## Work to complete
Locate "Een tijdloos ontwerp" in the listing. Transcribe the line that contains it and every line that follows, through the last, omitting all pictures.

## Dataset content

--- START ---

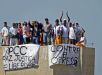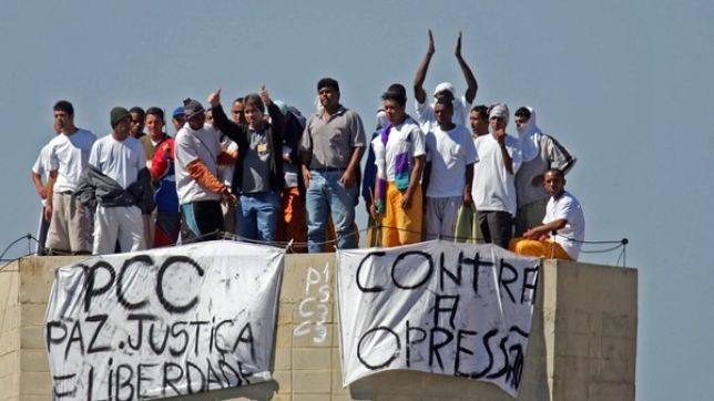 Presos fizeram uma rebelião na Penitenciária de Junqueirópolis, São Paulo, em 14 de maio de 2006. Detentos subiram no telhado e penduraram faixas com mensagens do PCC
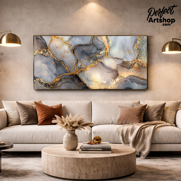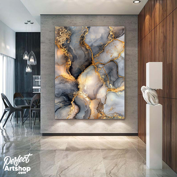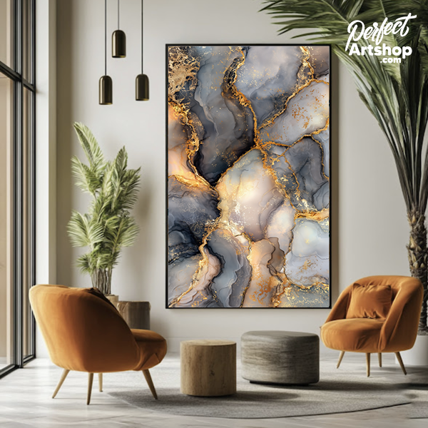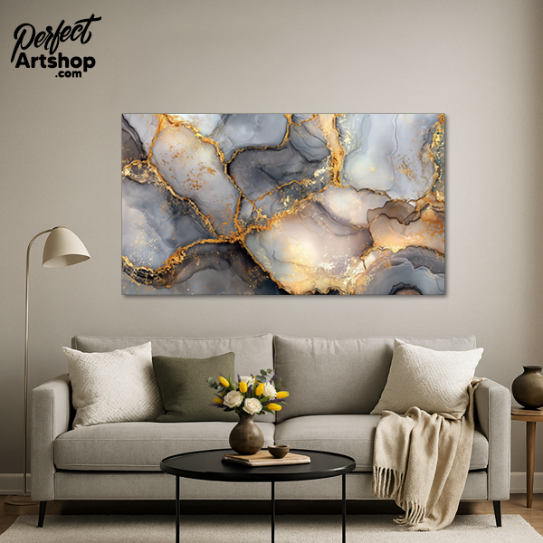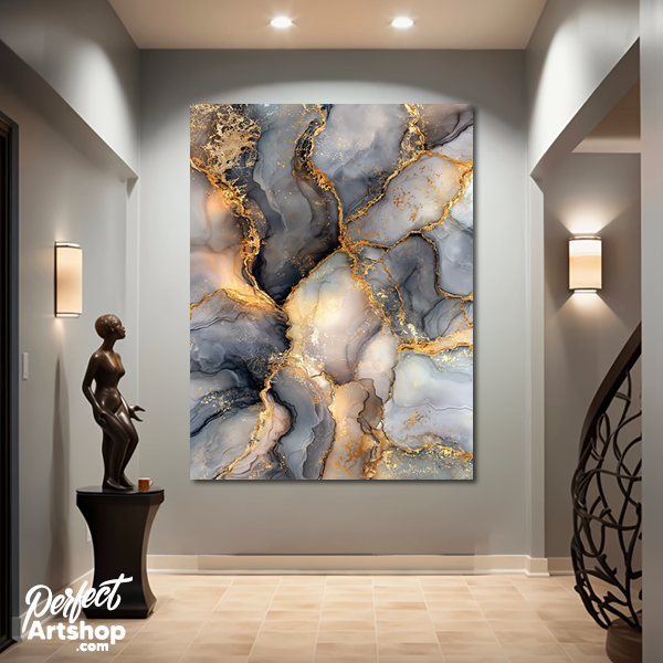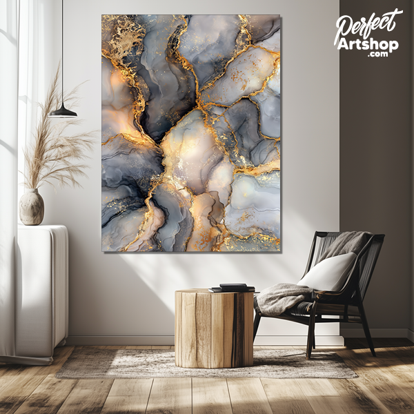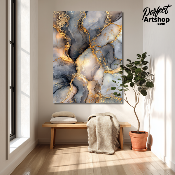 Een tijdloos ontwerp met een mistige basis van grijs en wit, verrijkt met warme gouden accenten. De vloeiende vormen en zachte kleurovergangen creëren een gevoel van ruimte en rust. Een subtiele maar luxe toevoeging aan elk modern huis.
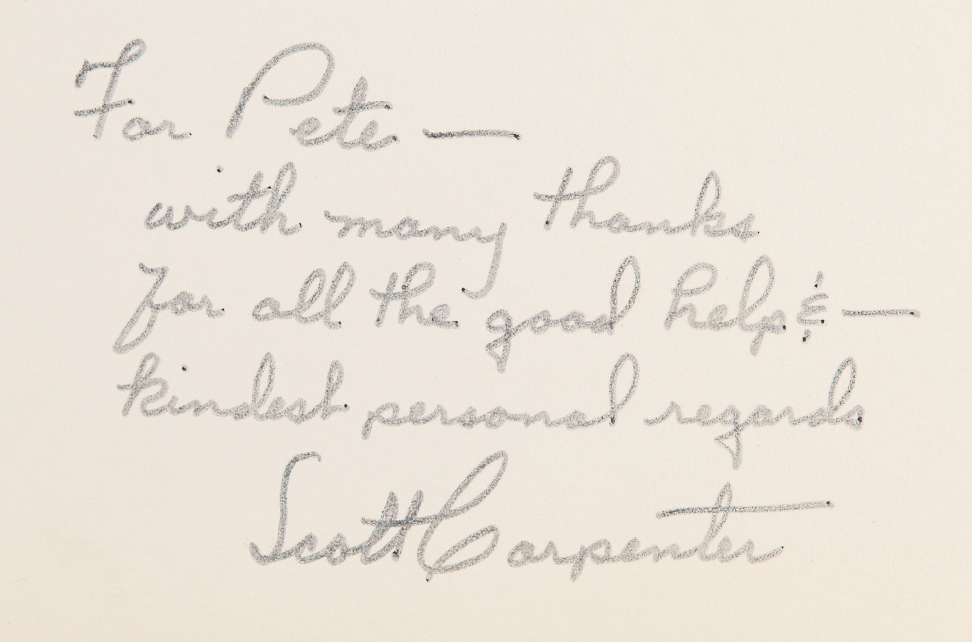 Originates from the personal collection of NASA employee John ‘Pete’ Peterson, who served in various capacities of media relations at NASA and the Manned Spacecraft Center from about 1961 to about 1973. He first served as the head of News and Media Relations, reporting to Paul Haney, and later as a special assistant to several of the chief astronauts. Due to his military and media background—Peterson was a retired Army captain who served in both WWII and the Korean wars—he befriended and became close to several of the Mercury, Gemini, Apollo, and Skylab astronaut crews, which accounts for many of the friendly personal dedications inscribed on these photographs.

--- END ---

## Result of the task
 Een tijdloos ontwerp met een mistige basis van grijs en wit, verrijkt met warme gouden accenten. De vloeiende vormen en zachte kleurovergangen creëren een gevoel van ruimte en rust. Een subtiele maar luxe toevoeging aan elk modern huis.
 Originates from the personal collection of NASA employee John ‘Pete’ Peterson, who served in various capacities of media relations at NASA and the Manned Spacecraft Center from about 1961 to about 1973. He first served as the head of News and Media Relations, reporting to Paul Haney, and later as a special assistant to several of the chief astronauts. Due to his military and media background—Peterson was a retired Army captain who served in both WWII and the Korean wars—he befriended and became close to several of the Mercury, Gemini, Apollo, and Skylab astronaut crews, which accounts for many of the friendly personal dedications inscribed on these photographs.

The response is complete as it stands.